Even though repetitive sequences are generally selected against when TEs integrate into lincRNAs they can provide new domains and functions to the lincRNAs such as binding sites for proteins or structural elements [10]. The contribution of TEs to the evolution and properties of lincRNAs appears more important in vertebrate species with high transposable element content and more complex transcriptomes [10, 52]. The varying content of TEs in insect lincRNAs may indicate that similar processes may have also contributed to their emergence in at least some insect taxa. A recent study examined the factors contributing to the evolution of lincRNA in plants and their general properties [53]. In plants, the contribution of TEs is more modest; in contrast, duplication events (both local and whole genome duplication) appear to contribute to a larger extent to the evolution of lincRNAs. In insects, local duplication of lincRNAs could also be a major factor for the evolution of lincRNAs. Thus, repetitive sequences constitute, albeit to a lesser than in mammalian species, constitute a factor driving the evolution of lincRNA repertoires.

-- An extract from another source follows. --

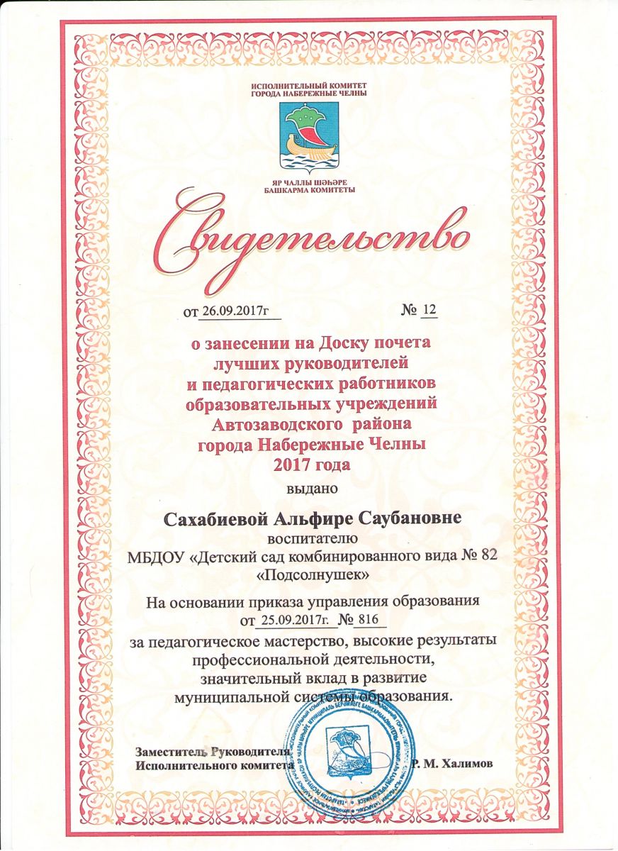 Наш коллектив поздравляет воспитателя Сахабиеву А.С. с занесением на Доску почета лучших руководителей и педагогических работников образовательных учреждений Автозаводского района г.Набережные Челны. Свидетельство № 12 от 26.09.2017

Some lincRNAs show signs of structural stability

Comparison of mininum free energy (MFE) of the native lincRNA with mononucleotide and dinucleotide shuffled controls indicated that lincRNAs tend to be more stable (Wilcoxon test p-value <10 -8) than the shuffled controls (Fig. 2 a). Another approach for determining secondary structure was carried out using ParasoR [39], a recent method that allows the determination of structural constraints on single sequences. Similarly as for RNAfold, the ratio of stem probability between the native lincRNA and the dinucleotide control was calculated. The ratio obtained with ParasoR and the ratio obtained with RNAfold were highly correlated (Spearman’s rho =0.68–0.80 for all species).
Fig. 2

Secondary structure analysis of lincRNAs. a Distribution of Z-scores with folding strength (FS). Both are highly correlated (rho=0.46, p-value 2.2e16) which indicates that strongly folded sequences also tend to be more stable than their shuffled controls. b Distribution of Z-scores obtained from MFE of lincRNAs compared to shuffled sequences. A negative correlation (rho=-0.22, p-value 2.2e16) indicates than thermodynamically stable sequences (i.e longer because MFE scales with length) have higher Z-scores although several short sequences outliers with very strong Z-scores are present. c Comparison of Z-scores for FS obtained between lincRNAs and 10000 CDS from the seven species. CDS shows significantly bigger FS than lincRNAs. d Comparison of Z-scores for MFE calculations obtained between lincRNAs and 1O000 CDS from the seven species. Z-scores are significantly higher for lincRNAs

Our finding that lincRNAs have a lower MFE than the shuffled controls is an indication of a thermodynamically stable structure (Fig. 2 bd). However, specially for longer sequences, the probability of the MFE is very low since the ensemble of secondary structures scales dramatically with the length of the sequence. The folding strength gives information on how frequently each nucleotide site is paired in the ensemble of secondary structures as described by [38]. We did not find lincRNAs to have larger folding strength than shuffled nucleotide sequences using this approach, in contrast to previous results found in human lincRNAs. (Figure 2 ac) (Yang et al., 2015). However, some lincRNAs show very high folding strength. lincRNAs with strong folding strength and being thermodynamically very stable might have functions related to the secondary structure (Additional file 1: Table S3). We calculated the Z-scores of folding strength and thermodynamic stability for all lincRNAs using 100 nucleotide shuffled controls. The correlation between both measures was moderate (Spearman’s rho 0.22, p-value<2.2e.16) which indicates that different results might be obtained when considering only the MFE and the whole structural ensemble. We compared the Z-scores obtained with 10000 coding sequences obtained from the seven species and observed that lincRNAs have a higher Z-score than CDS when only considering the MFE but a lower Z-score when analysing the folding strength. This might be an effect of selection for maintaining codon triplets in coding sequences but it might also indicate that different selective constraints operate in both lincRNAs and CDS for the maintenance of secondary structure [38] (Fig. 2).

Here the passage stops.